### PROBLEM TO WORK ON
At the line containing "- 中文名稱 :OsteVit-D", begin an exact copy of the lines below and continue through the final one, with no pictures.
───── SUPPLIED RECORDS ─────
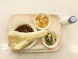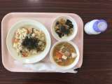 今日の給食は、ビビンパ、ナムル、卵と青菜のスープ、いちご、牛乳です。日本ではビビ...
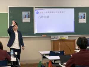 「株式ゼミ」では、株トラカップ運営委員会から大学生講師の方2名が来校し、生徒たちに株トラでの投資シミュレーションを説明。この日、学生による金融教育をNHKが取材に訪れました。ゼミ生もグループディスカッションを行い、意見交換をしていたようです。
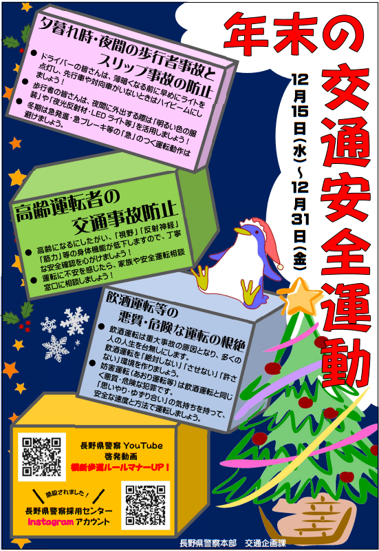 【毎日投稿】年末の交通安全運動【松井】 日常・つぶやき 2021.12.16 15日から31日まで、年末の交通安全運動が始まりました。 「信濃路は みんなの笑顔 つなぐ道」をスローガンに掲げております。 年末にかけて忙しい時期ですが、交通安全を意識していきましょう。 松井
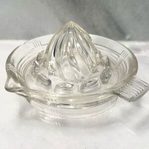 This vintage glass citrus juicer is a practical and stylish kitchen tool. Its clear glass design allows you to easily monitor the juicing process, while its sturdy construction ensures long-lasting durability.
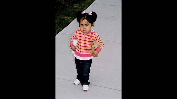 For a kid carrying two stuffed toys she looks kinda tough.Claudia Adl
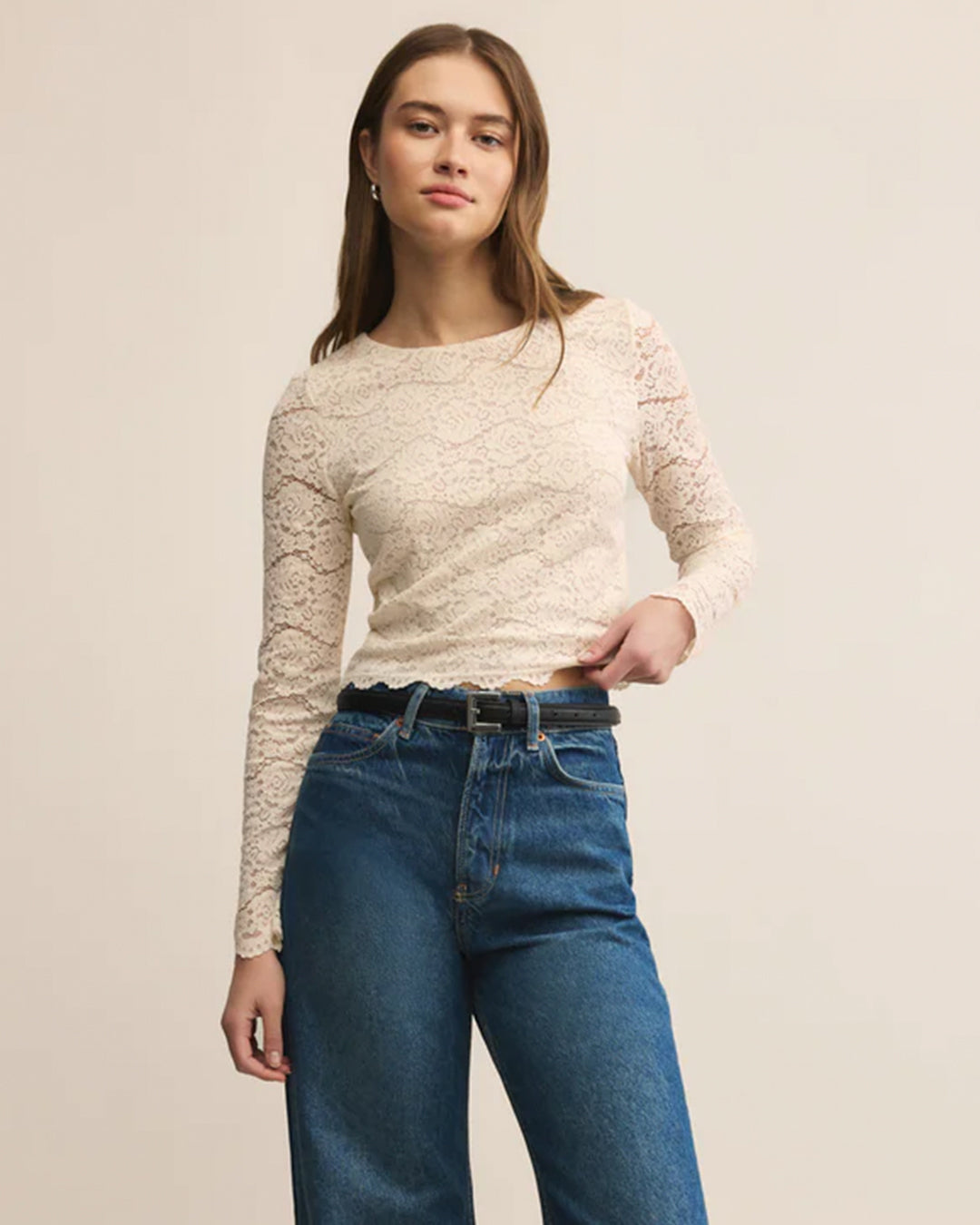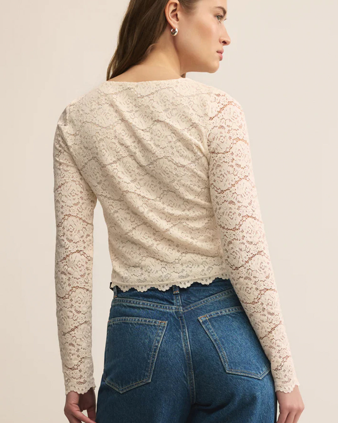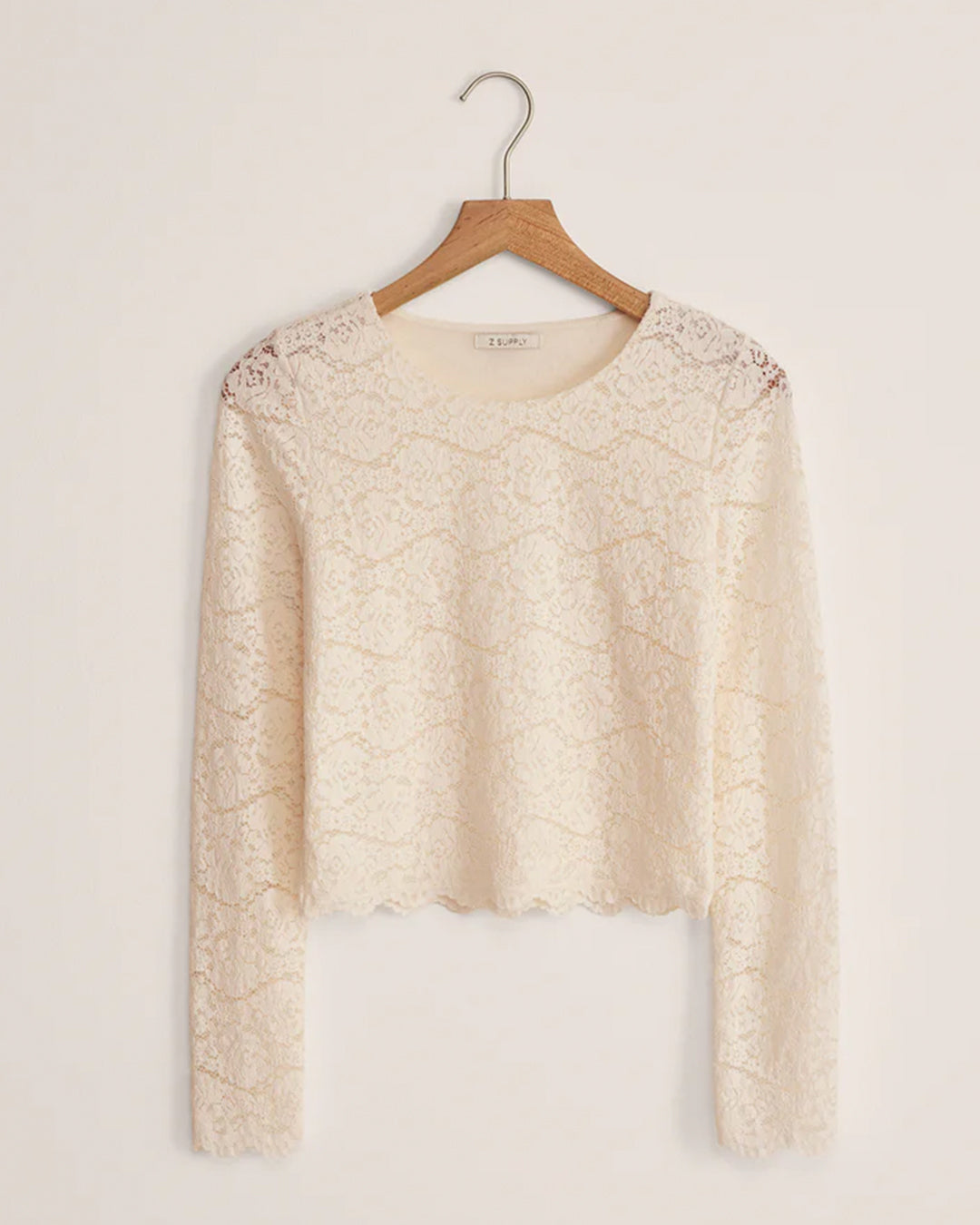Crafted from stretch floral lace, this fitted long sleeve features scalloped edges and a crew neckline for a polished finish. The semi-sheer design feels equal parts romantic and chic.
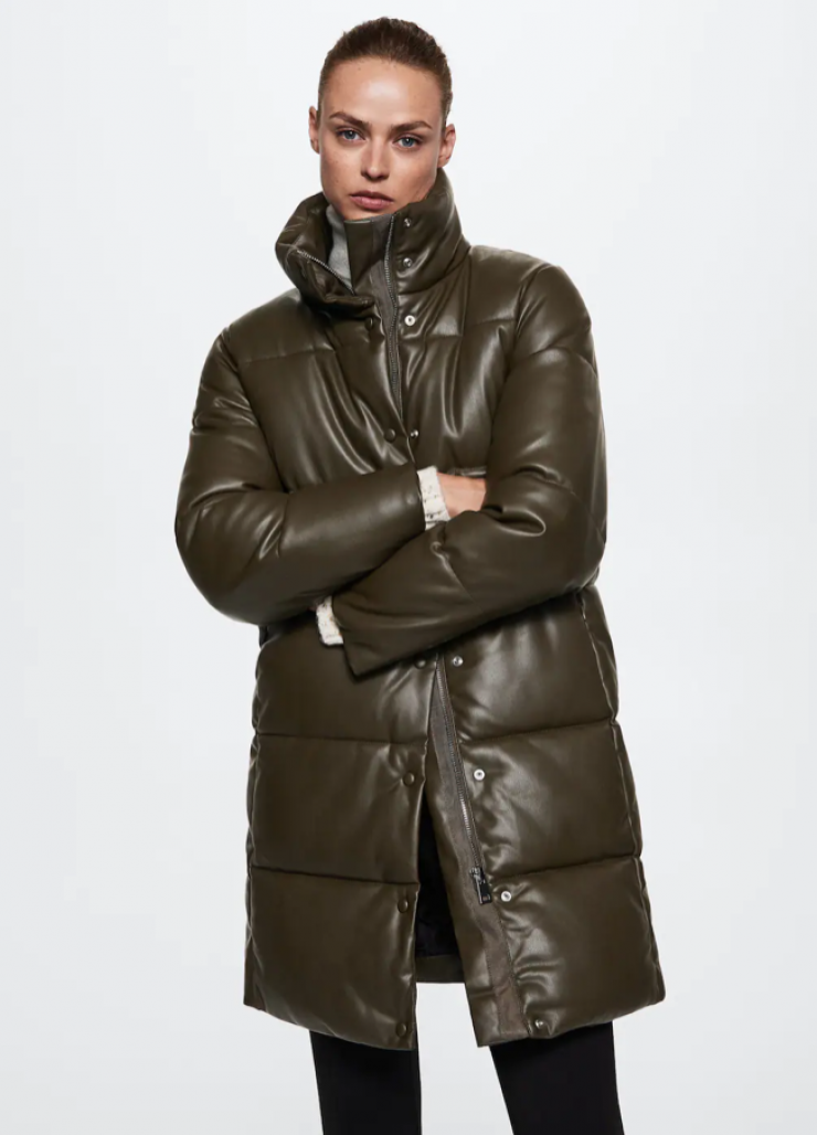 Этот вариант подходит для южной зимы, ведь пуховики из экокожи выдерживают морозы до -15 градусов. Трендовый оливковый цвет в темном оттенке придает пуховику несвойственную этому предмету гардероба элегантность.
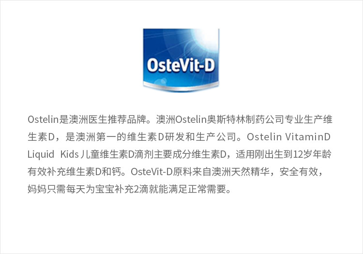 - 中文名稱 :OsteVit-D 嬰幼兒維生素VD滴劑 15ml 促進(jìn)鈣吸收(新舊包裝隨機(jī)發(fā)貨)
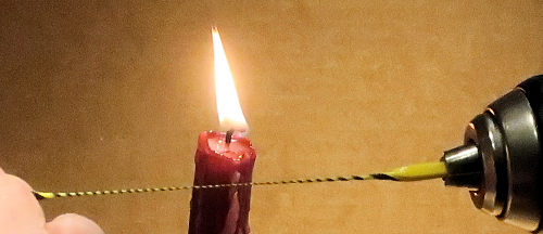 The final diameter of the spiral is a matter of luck and mental feedback. A smaller cord (say, 1/48 scale) would result from faster pulling and twisting, from the start. I tried larger, more round sticks, and they were harder to use – I think because the heating was less uniform through the diameter. Filing the hexagon into a circle improves the result – slightly - but takes more time.
─────
### RESULT
 - 中文名稱 :OsteVit-D 嬰幼兒維生素VD滴劑 15ml 促進(jìn)鈣吸收(新舊包裝隨機(jī)發(fā)貨)
 The final diameter of the spiral is a matter of luck and mental feedback. A smaller cord (say, 1/48 scale) would result from faster pulling and twisting, from the start. I tried larger, more round sticks, and they were harder to use – I think because the heating was less uniform through the diameter. Filing the hexagon into a circle improves the result – slightly - but takes more time.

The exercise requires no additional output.